## Exercise description
Print each line below verbatim, skipping every picture.

START Dataset excerpt

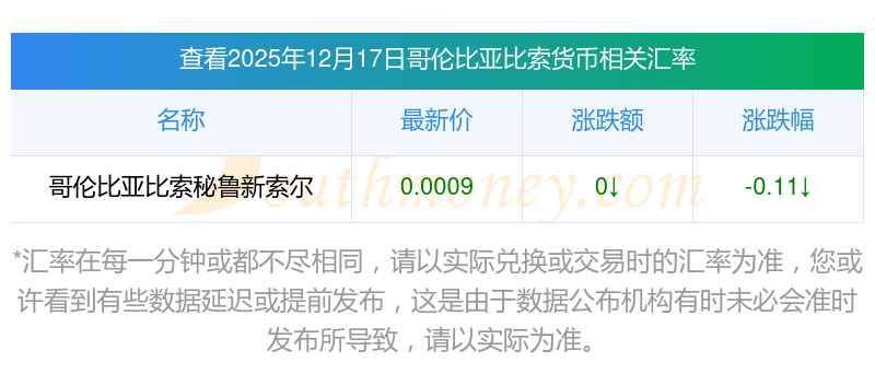 每日哥倫比亞比索兌秘魯新索爾匯率調(diào)整查詢2025/12/17
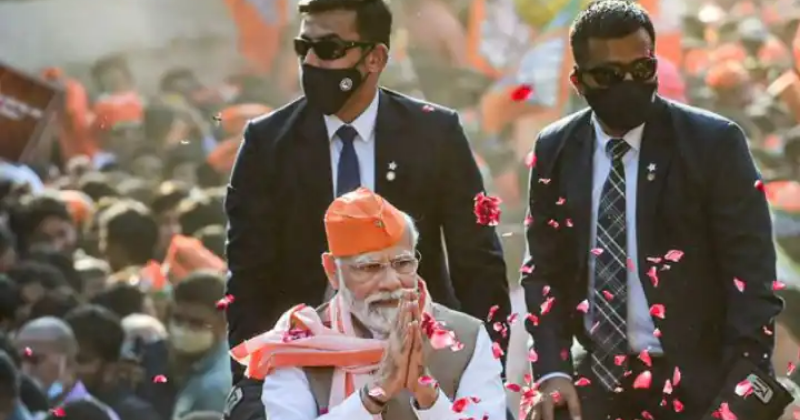 વડાપ્રધાન મોદીની સુરક્ષા માટે 4 આઈજી-ડીઆઈજી કક્ષાના અધિકારીઓ, 24 ડીસીપી, 38 એસીપી, 124 પીઆઈ, 400 પીએસઆઈ અને 5550 પોલીસકર્મીઓ તૈનાત રહેશે. તે જ સમયે, રોડ શો પછી, પીએમ મોદી કમલમમાં રાજ્ય સંગઠનની બેઠક કરશે અને ચૂંટણીની રણનીતિ પર ચર્ચા કરશે. અહીં પીએમને આવકારવા માટે માનવ આકારની રંગોળી બનાવવામાં આવી છે જેમાં મોદીને ગંગાનું જળ ચઢાવતા દર્શાવવામાં આવ્યા છે. આ સાથે જ અમદાવાદના જીએમડીસી ગ્રાઉન્ડ ખાતે સાંજે પાંચ વાગ્યે પંચાયત સંમેલનનો કાર્યક્રમ છે જેમાં દોઢ લાખથી વધુ જનપ્રતિનિધિઓ ભાગ લેશે.
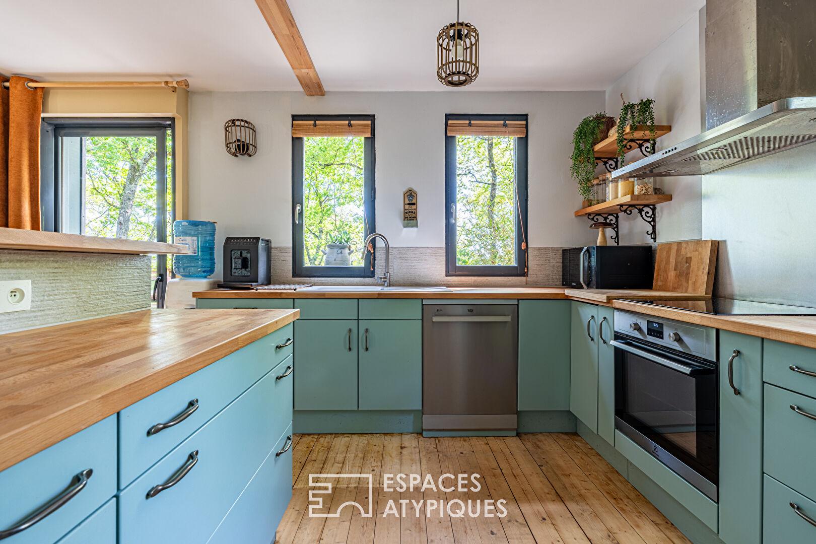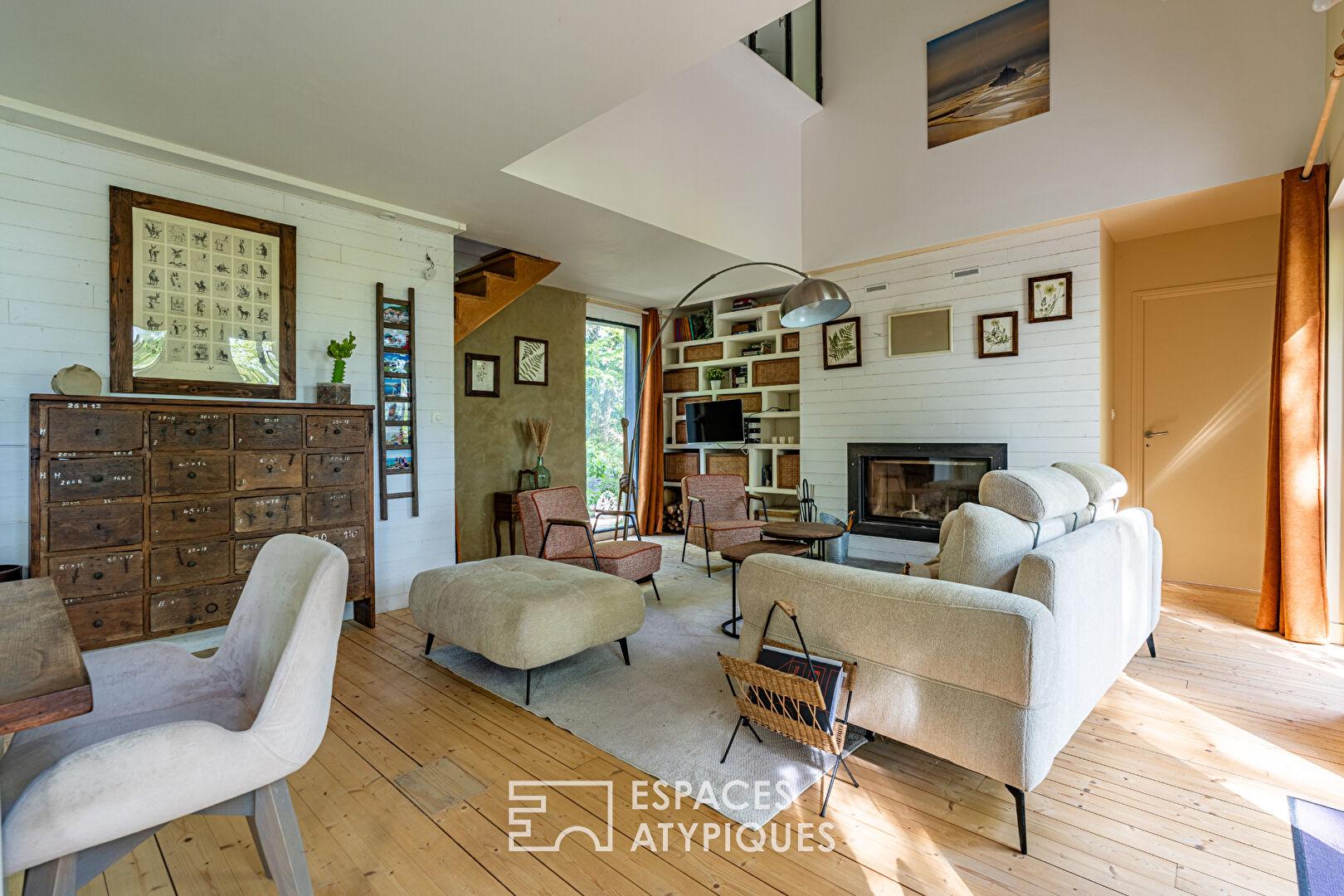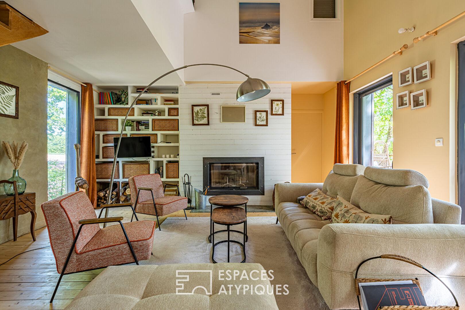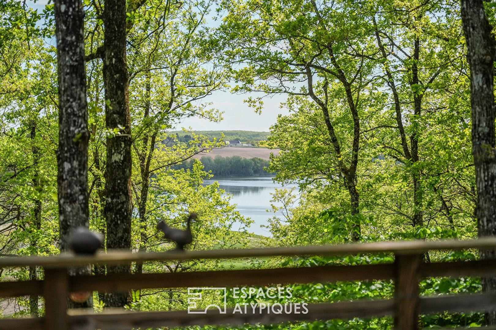 Nestled in the heart of a remarkable natural setting and overlooking Lake Chemillé-sur-Indrois, this superb timber-framed house on stilts offers 245 sqm of living space over three levels on a 1700 sqm plot. On the ground floor and street level, the large living room, with its open-plan fitted and equipped kitchen and beautiful fireplace insert, is bathed in light.

END Dataset excerpt

## Response to this task
 每日哥倫比亞比索兌秘魯新索爾匯率調(diào)整查詢2025/12/17
 વડાપ્રધાન મોદીની સુરક્ષા માટે 4 આઈજી-ડીઆઈજી કક્ષાના અધિકારીઓ, 24 ડીસીપી, 38 એસીપી, 124 પીઆઈ, 400 પીએસઆઈ અને 5550 પોલીસકર્મીઓ તૈનાત રહેશે. તે જ સમયે, રોડ શો પછી, પીએમ મોદી કમલમમાં રાજ્ય સંગઠનની બેઠક કરશે અને ચૂંટણીની રણનીતિ પર ચર્ચા કરશે. અહીં પીએમને આવકારવા માટે માનવ આકારની રંગોળી બનાવવામાં આવી છે જેમાં મોદીને ગંગાનું જળ ચઢાવતા દર્શાવવામાં આવ્યા છે. આ સાથે જ અમદાવાદના જીએમડીસી ગ્રાઉન્ડ ખાતે સાંજે પાંચ વાગ્યે પંચાયત સંમેલનનો કાર્યક્રમ છે જેમાં દોઢ લાખથી વધુ જનપ્રતિનિધિઓ ભાગ લેશે.
 Nestled in the heart of a remarkable natural setting and overlooking Lake Chemillé-sur-Indrois, this superb timber-framed house on stilts offers 245 sqm of living space over three levels on a 1700 sqm plot. On the ground floor and street level, the large living room, with its open-plan fitted and equipped kitchen and beautiful fireplace insert, is bathed in light.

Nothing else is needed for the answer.